===== RECORDS TO USE

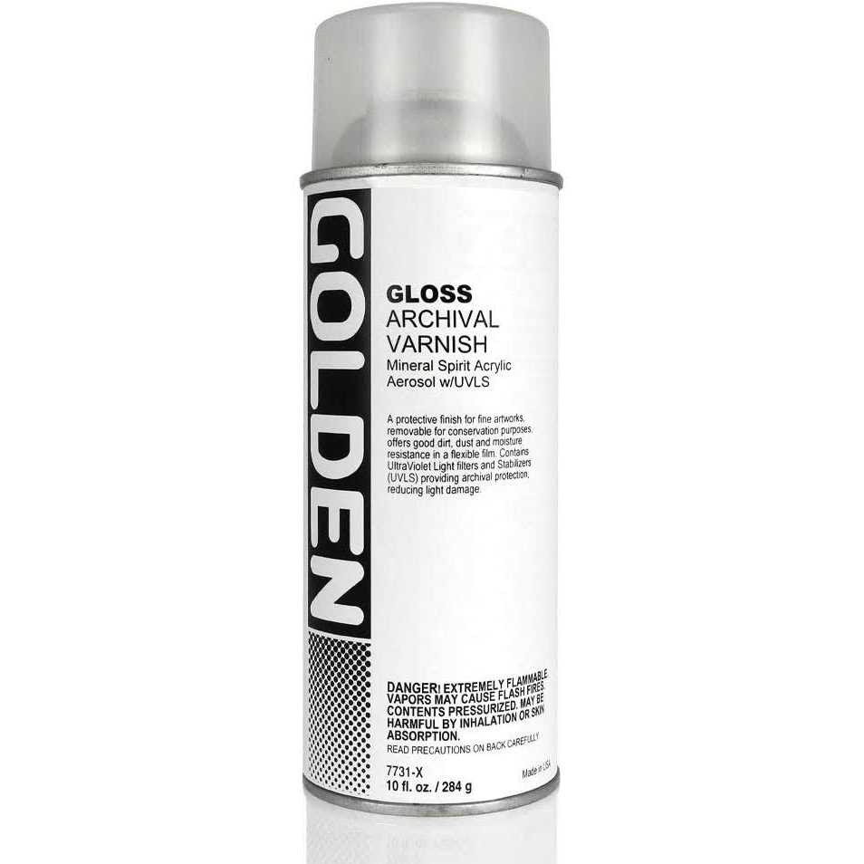 Golden MSA Aerosol Varnish provides a clear protective finish for protection of your artwork against dirt, dust, and moisture. It can be used over a wide variety of mediums including acrylic, oils, watercolours, pastels, and more. This mineral spirit archival varnish from GOLDEN also contains UVLS which help minimise sun damage from UV radiation. GOLDEN MSA Aerosol Varnish is resistant to yellowing and can be removed using mineral spirits if desired. GOLDEN MSA Aerosol Spray Varnish is easy to use with an adjustable fan spray tip that gives artists precision in their application and also helps reduce overspray. Shake the can for 2 minutes prior to use and shake again for 10 seconds after each minute of use. Spray several light coats evenly across the surface, allowing 15-20 minutes between coats. When spraying, hold the can roughly 20-30cm from the surface. Once you are finished applying the spray, hold the can upside down and flush out the varnish by spraying for 5-8 seconds. Allow for sufficient curing time of your varnish after application. Always use GOLDEN MSA Aerosol Spray in well ventilated areas and wear a protective mask and clothing for your safety.
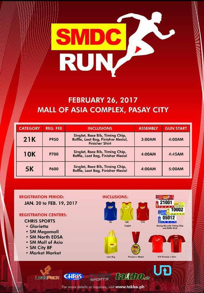 Join SMDC as they host another run happening on February 26, 2017 at the SM Mall of Asia, featuring a 21K, 10K and 5K event distance.
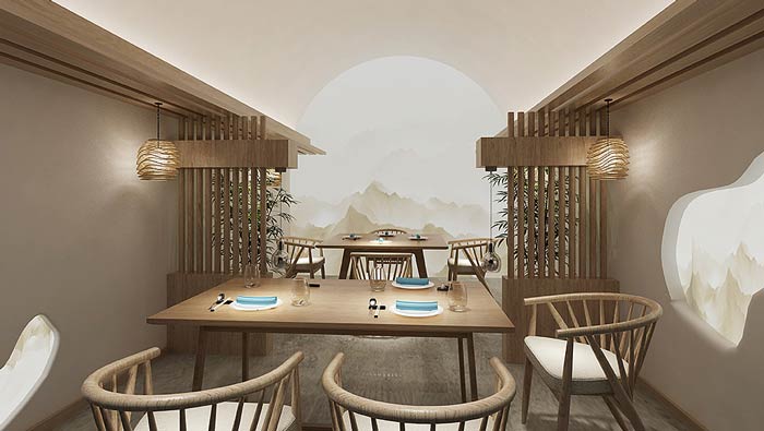 窯洞主題餐廳包房設(shè)計(jì):包廂內(nèi)部可以容納7-8個(gè)人,墻面上繪畫(huà)的山水、自然,讓人仿佛真的置身于自然之中,自然美景與中華文化完美的鑲嵌在整個(gè)空間之中。
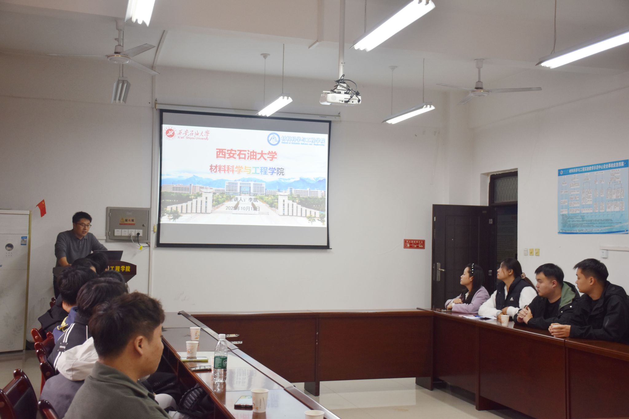 会议伊始,李凯老师系统梳理了学院的发展历程、学科架构与特色方向,重点展示了学院师资力量,包括高层次人才队伍、导师团队的科研方向与学术成就。李凯老师还详细介绍了学院在新能源材料、先进焊接技术、材料腐蚀与防护等领域的标志性科研成果和前沿进展,并展望了学科未来的发展方向与广阔前景。他鼓励有志于深造的同学要立足国家战略需求,结合个人兴趣,早日确立目标,在材料科学的广阔天地中实现自我价值。
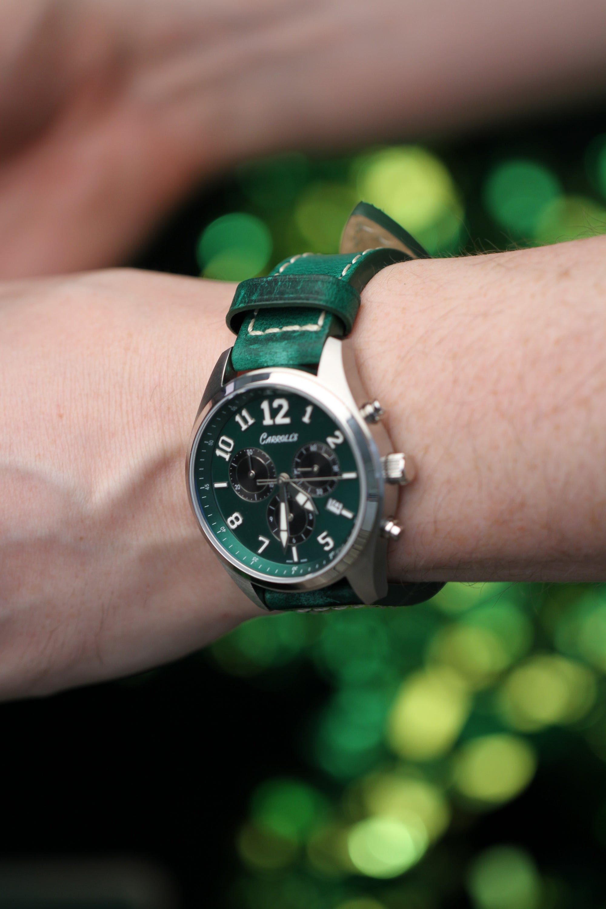 Be bold and stand out with our sleek and stylish Swiss Chronograph Men's Watch. Its precise chronograph quart movement, sapphire crystal and sturdy green leather strap make it the perfect accessory for any occasion. Make a statement with this timepiece, designed for the modern man who values both style and functionality!
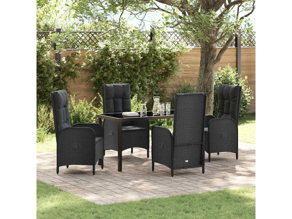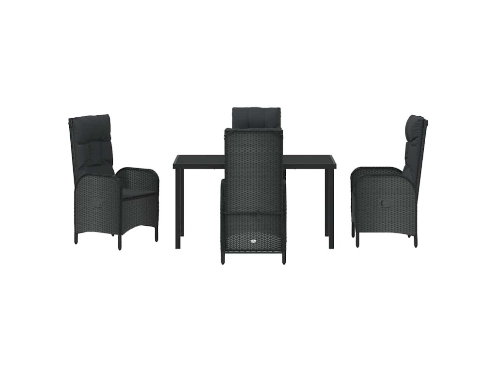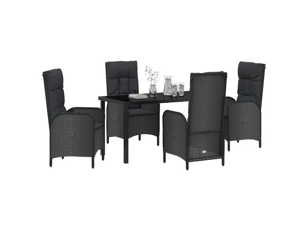 Zahradní jídelní souprava s polštářem 5 pcs Černá Poly ratan 3380115
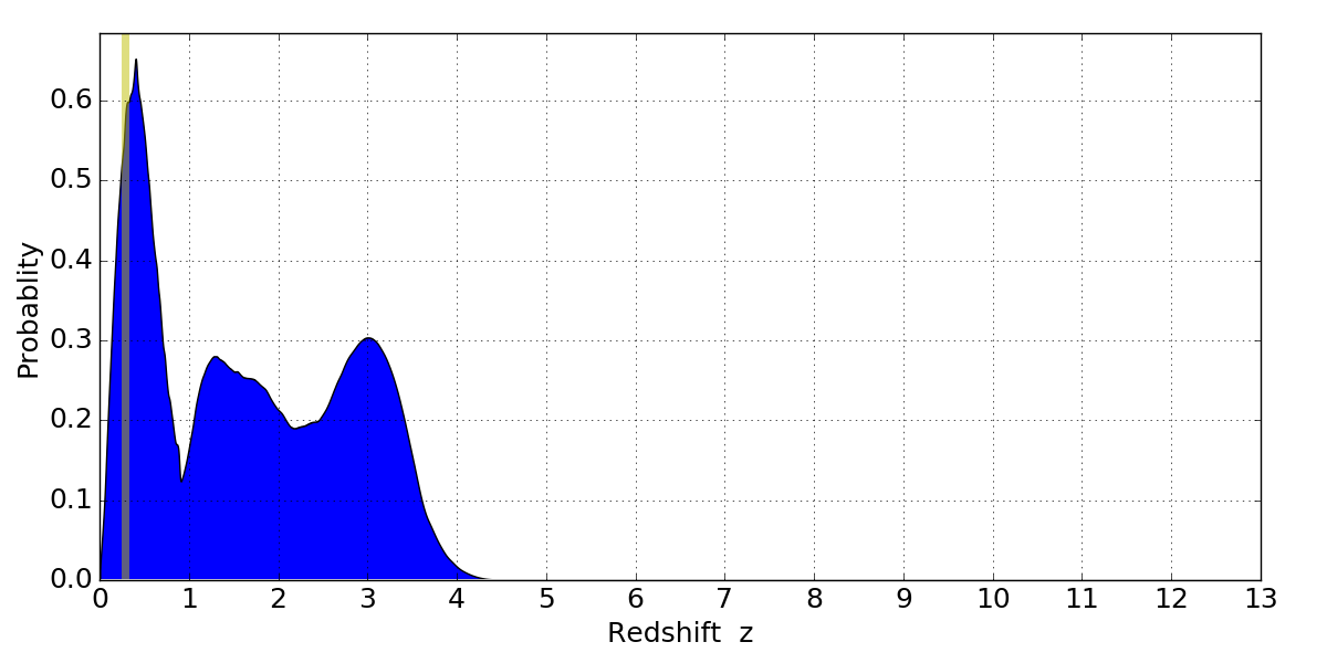 In P(z) plots: Yellow lines mark the cluster redshift z = 0.284,

==========

| TASK TO COMPLETE |
Everything in the listing, except its images, should be set down exactly.

| ANSWER SECTION |
 Golden MSA Aerosol Varnish provides a clear protective finish for protection of your artwork against dirt, dust, and moisture. It can be used over a wide variety of mediums including acrylic, oils, watercolours, pastels, and more. This mineral spirit archival varnish from GOLDEN also contains UVLS which help minimise sun damage from UV radiation. GOLDEN MSA Aerosol Varnish is resistant to yellowing and can be removed using mineral spirits if desired. GOLDEN MSA Aerosol Spray Varnish is easy to use with an adjustable fan spray tip that gives artists precision in their application and also helps reduce overspray. Shake the can for 2 minutes prior to use and shake again for 10 seconds after each minute of use. Spray several light coats evenly across the surface, allowing 15-20 minutes between coats. When spraying, hold the can roughly 20-30cm from the surface. Once you are finished applying the spray, hold the can upside down and flush out the varnish by spraying for 5-8 seconds. Allow for sufficient curing time of your varnish after application. Always use GOLDEN MSA Aerosol Spray in well ventilated areas and wear a protective mask and clothing for your safety.
 Join SMDC as they host another run happening on February 26, 2017 at the SM Mall of Asia, featuring a 21K, 10K and 5K event distance.
 窯洞主題餐廳包房設(shè)計(jì):包廂內(nèi)部可以容納7-8個(gè)人,墻面上繪畫(huà)的山水、自然,讓人仿佛真的置身于自然之中,自然美景與中華文化完美的鑲嵌在整個(gè)空間之中。
 会议伊始,李凯老师系统梳理了学院的发展历程、学科架构与特色方向,重点展示了学院师资力量,包括高层次人才队伍、导师团队的科研方向与学术成就。李凯老师还详细介绍了学院在新能源材料、先进焊接技术、材料腐蚀与防护等领域的标志性科研成果和前沿进展,并展望了学科未来的发展方向与广阔前景。他鼓励有志于深造的同学要立足国家战略需求,结合个人兴趣,早日确立目标,在材料科学的广阔天地中实现自我价值。
 Be bold and stand out with our sleek and stylish Swiss Chronograph Men's Watch. Its precise chronograph quart movement, sapphire crystal and sturdy green leather strap make it the perfect accessory for any occasion. Make a statement with this timepiece, designed for the modern man who values both style and functionality!
 Zahradní jídelní souprava s polštářem 5 pcs Černá Poly ratan 3380115
 In P(z) plots: Yellow lines mark the cluster redshift z = 0.284,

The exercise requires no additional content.